## Work instructions
For each record that follows, write out an identical copy.

(Items from a data source)
Start of Block

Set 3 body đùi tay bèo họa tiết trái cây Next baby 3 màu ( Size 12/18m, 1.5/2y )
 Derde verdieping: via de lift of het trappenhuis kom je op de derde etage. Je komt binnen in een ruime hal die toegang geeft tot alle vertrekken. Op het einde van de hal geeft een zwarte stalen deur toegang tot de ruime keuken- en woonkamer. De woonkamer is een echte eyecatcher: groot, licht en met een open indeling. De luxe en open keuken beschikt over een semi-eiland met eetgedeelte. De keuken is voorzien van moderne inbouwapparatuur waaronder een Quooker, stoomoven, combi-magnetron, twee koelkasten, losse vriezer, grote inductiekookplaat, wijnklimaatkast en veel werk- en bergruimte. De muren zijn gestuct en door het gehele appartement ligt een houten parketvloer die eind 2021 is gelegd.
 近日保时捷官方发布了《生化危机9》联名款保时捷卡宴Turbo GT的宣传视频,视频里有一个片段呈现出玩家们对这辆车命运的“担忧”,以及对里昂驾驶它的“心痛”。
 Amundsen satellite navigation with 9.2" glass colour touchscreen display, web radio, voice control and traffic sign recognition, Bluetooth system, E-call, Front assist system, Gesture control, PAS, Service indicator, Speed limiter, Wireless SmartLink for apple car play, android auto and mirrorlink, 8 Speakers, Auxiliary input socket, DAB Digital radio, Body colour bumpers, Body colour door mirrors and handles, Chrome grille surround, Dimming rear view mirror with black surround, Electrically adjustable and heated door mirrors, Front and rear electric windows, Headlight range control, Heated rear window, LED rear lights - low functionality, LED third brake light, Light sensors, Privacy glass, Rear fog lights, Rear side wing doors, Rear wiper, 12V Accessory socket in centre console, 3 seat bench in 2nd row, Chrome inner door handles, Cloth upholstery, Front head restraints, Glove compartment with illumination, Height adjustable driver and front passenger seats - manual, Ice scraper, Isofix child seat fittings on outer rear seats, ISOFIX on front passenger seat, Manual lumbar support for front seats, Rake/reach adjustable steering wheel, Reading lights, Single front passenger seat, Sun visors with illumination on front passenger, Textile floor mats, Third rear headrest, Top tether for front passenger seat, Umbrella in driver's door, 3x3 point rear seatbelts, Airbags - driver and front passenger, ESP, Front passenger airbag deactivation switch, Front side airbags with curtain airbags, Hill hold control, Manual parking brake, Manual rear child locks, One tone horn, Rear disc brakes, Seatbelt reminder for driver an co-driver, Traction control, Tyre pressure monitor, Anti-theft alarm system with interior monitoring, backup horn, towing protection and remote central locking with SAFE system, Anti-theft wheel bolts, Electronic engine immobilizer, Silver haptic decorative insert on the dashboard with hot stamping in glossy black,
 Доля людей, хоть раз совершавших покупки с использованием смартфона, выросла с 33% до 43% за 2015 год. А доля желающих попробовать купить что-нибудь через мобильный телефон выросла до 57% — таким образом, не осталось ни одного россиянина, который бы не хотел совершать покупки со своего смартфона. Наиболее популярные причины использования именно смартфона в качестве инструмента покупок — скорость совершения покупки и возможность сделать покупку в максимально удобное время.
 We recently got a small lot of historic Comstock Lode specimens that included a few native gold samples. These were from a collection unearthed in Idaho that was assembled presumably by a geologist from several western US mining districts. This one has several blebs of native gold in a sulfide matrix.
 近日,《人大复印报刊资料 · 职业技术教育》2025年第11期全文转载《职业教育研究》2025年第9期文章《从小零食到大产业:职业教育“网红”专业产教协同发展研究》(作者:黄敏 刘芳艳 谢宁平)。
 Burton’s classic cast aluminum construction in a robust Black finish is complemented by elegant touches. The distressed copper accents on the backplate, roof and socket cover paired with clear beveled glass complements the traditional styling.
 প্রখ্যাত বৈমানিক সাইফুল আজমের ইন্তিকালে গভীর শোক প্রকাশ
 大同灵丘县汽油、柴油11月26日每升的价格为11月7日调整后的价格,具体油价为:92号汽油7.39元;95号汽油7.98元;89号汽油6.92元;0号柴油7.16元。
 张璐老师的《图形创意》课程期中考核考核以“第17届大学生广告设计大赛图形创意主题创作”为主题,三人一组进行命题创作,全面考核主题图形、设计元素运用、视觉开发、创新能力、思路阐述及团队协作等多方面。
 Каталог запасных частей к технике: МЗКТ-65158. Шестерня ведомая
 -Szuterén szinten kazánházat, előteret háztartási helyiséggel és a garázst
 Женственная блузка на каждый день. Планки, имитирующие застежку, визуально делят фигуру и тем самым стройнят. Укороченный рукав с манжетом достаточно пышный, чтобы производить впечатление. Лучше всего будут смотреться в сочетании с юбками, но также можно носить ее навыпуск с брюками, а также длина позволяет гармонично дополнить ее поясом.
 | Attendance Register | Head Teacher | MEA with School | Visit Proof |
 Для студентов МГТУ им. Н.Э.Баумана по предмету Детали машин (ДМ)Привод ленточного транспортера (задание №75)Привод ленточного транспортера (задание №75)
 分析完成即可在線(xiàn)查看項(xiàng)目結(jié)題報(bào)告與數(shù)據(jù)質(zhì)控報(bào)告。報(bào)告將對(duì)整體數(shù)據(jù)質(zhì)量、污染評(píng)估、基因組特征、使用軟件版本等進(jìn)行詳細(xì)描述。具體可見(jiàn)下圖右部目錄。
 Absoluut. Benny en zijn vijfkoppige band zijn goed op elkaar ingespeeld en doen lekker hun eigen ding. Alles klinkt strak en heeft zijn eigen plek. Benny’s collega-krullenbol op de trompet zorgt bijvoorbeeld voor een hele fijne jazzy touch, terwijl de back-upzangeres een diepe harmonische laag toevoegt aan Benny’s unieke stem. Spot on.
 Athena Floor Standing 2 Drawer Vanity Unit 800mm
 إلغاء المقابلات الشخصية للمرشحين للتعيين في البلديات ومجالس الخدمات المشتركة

End of Block

## Exercise output
Set 3 body đùi tay bèo họa tiết trái cây Next baby 3 màu ( Size 12/18m, 1.5/2y )
 Derde verdieping: via de lift of het trappenhuis kom je op de derde etage. Je komt binnen in een ruime hal die toegang geeft tot alle vertrekken. Op het einde van de hal geeft een zwarte stalen deur toegang tot de ruime keuken- en woonkamer. De woonkamer is een echte eyecatcher: groot, licht en met een open indeling. De luxe en open keuken beschikt over een semi-eiland met eetgedeelte. De keuken is voorzien van moderne inbouwapparatuur waaronder een Quooker, stoomoven, combi-magnetron, twee koelkasten, losse vriezer, grote inductiekookplaat, wijnklimaatkast en veel werk- en bergruimte. De muren zijn gestuct en door het gehele appartement ligt een houten parketvloer die eind 2021 is gelegd.
 近日保时捷官方发布了《生化危机9》联名款保时捷卡宴Turbo GT的宣传视频,视频里有一个片段呈现出玩家们对这辆车命运的“担忧”,以及对里昂驾驶它的“心痛”。
 Amundsen satellite navigation with 9.2" glass colour touchscreen display, web radio, voice control and traffic sign recognition, Bluetooth system, E-call, Front assist system, Gesture control, PAS, Service indicator, Speed limiter, Wireless SmartLink for apple car play, android auto and mirrorlink, 8 Speakers, Auxiliary input socket, DAB Digital radio, Body colour bumpers, Body colour door mirrors and handles, Chrome grille surround, Dimming rear view mirror with black surround, Electrically adjustable and heated door mirrors, Front and rear electric windows, Headlight range control, Heated rear window, LED rear lights - low functionality, LED third brake light, Light sensors, Privacy glass, Rear fog lights, Rear side wing doors, Rear wiper, 12V Accessory socket in centre console, 3 seat bench in 2nd row, Chrome inner door handles, Cloth upholstery, Front head restraints, Glove compartment with illumination, Height adjustable driver and front passenger seats - manual, Ice scraper, Isofix child seat fittings on outer rear seats, ISOFIX on front passenger seat, Manual lumbar support for front seats, Rake/reach adjustable steering wheel, Reading lights, Single front passenger seat, Sun visors with illumination on front passenger, Textile floor mats, Third rear headrest, Top tether for front passenger seat, Umbrella in driver's door, 3x3 point rear seatbelts, Airbags - driver and front passenger, ESP, Front passenger airbag deactivation switch, Front side airbags with curtain airbags, Hill hold control, Manual parking brake, Manual rear child locks, One tone horn, Rear disc brakes, Seatbelt reminder for driver an co-driver, Traction control, Tyre pressure monitor, Anti-theft alarm system with interior monitoring, backup horn, towing protection and remote central locking with SAFE system, Anti-theft wheel bolts, Electronic engine immobilizer, Silver haptic decorative insert on the dashboard with hot stamping in glossy black,
 Доля людей, хоть раз совершавших покупки с использованием смартфона, выросла с 33% до 43% за 2015 год. А доля желающих попробовать купить что-нибудь через мобильный телефон выросла до 57% — таким образом, не осталось ни одного россиянина, который бы не хотел совершать покупки со своего смартфона. Наиболее популярные причины использования именно смартфона в качестве инструмента покупок — скорость совершения покупки и возможность сделать покупку в максимально удобное время.
 We recently got a small lot of historic Comstock Lode specimens that included a few native gold samples. These were from a collection unearthed in Idaho that was assembled presumably by a geologist from several western US mining districts. This one has several blebs of native gold in a sulfide matrix.
 近日,《人大复印报刊资料 · 职业技术教育》2025年第11期全文转载《职业教育研究》2025年第9期文章《从小零食到大产业:职业教育“网红”专业产教协同发展研究》(作者:黄敏 刘芳艳 谢宁平)。
 Burton’s classic cast aluminum construction in a robust Black finish is complemented by elegant touches. The distressed copper accents on the backplate, roof and socket cover paired with clear beveled glass complements the traditional styling.
 প্রখ্যাত বৈমানিক সাইফুল আজমের ইন্তিকালে গভীর শোক প্রকাশ
 大同灵丘县汽油、柴油11月26日每升的价格为11月7日调整后的价格,具体油价为:92号汽油7.39元;95号汽油7.98元;89号汽油6.92元;0号柴油7.16元。
 张璐老师的《图形创意》课程期中考核考核以“第17届大学生广告设计大赛图形创意主题创作”为主题,三人一组进行命题创作,全面考核主题图形、设计元素运用、视觉开发、创新能力、思路阐述及团队协作等多方面。
 Каталог запасных частей к технике: МЗКТ-65158. Шестерня ведомая
 -Szuterén szinten kazánházat, előteret háztartási helyiséggel és a garázst
 Женственная блузка на каждый день. Планки, имитирующие застежку, визуально делят фигуру и тем самым стройнят. Укороченный рукав с манжетом достаточно пышный, чтобы производить впечатление. Лучше всего будут смотреться в сочетании с юбками, но также можно носить ее навыпуск с брюками, а также длина позволяет гармонично дополнить ее поясом.
 | Attendance Register | Head Teacher | MEA with School | Visit Proof |
 Для студентов МГТУ им. Н.Э.Баумана по предмету Детали машин (ДМ)Привод ленточного транспортера (задание №75)Привод ленточного транспортера (задание №75)
 分析完成即可在線(xiàn)查看項(xiàng)目結(jié)題報(bào)告與數(shù)據(jù)質(zhì)控報(bào)告。報(bào)告將對(duì)整體數(shù)據(jù)質(zhì)量、污染評(píng)估、基因組特征、使用軟件版本等進(jìn)行詳細(xì)描述。具體可見(jiàn)下圖右部目錄。
 Absoluut. Benny en zijn vijfkoppige band zijn goed op elkaar ingespeeld en doen lekker hun eigen ding. Alles klinkt strak en heeft zijn eigen plek. Benny’s collega-krullenbol op de trompet zorgt bijvoorbeeld voor een hele fijne jazzy touch, terwijl de back-upzangeres een diepe harmonische laag toevoegt aan Benny’s unieke stem. Spot on.
 Athena Floor Standing 2 Drawer Vanity Unit 800mm
 إلغاء المقابلات الشخصية للمرشحين للتعيين في البلديات ومجالس الخدمات المشتركة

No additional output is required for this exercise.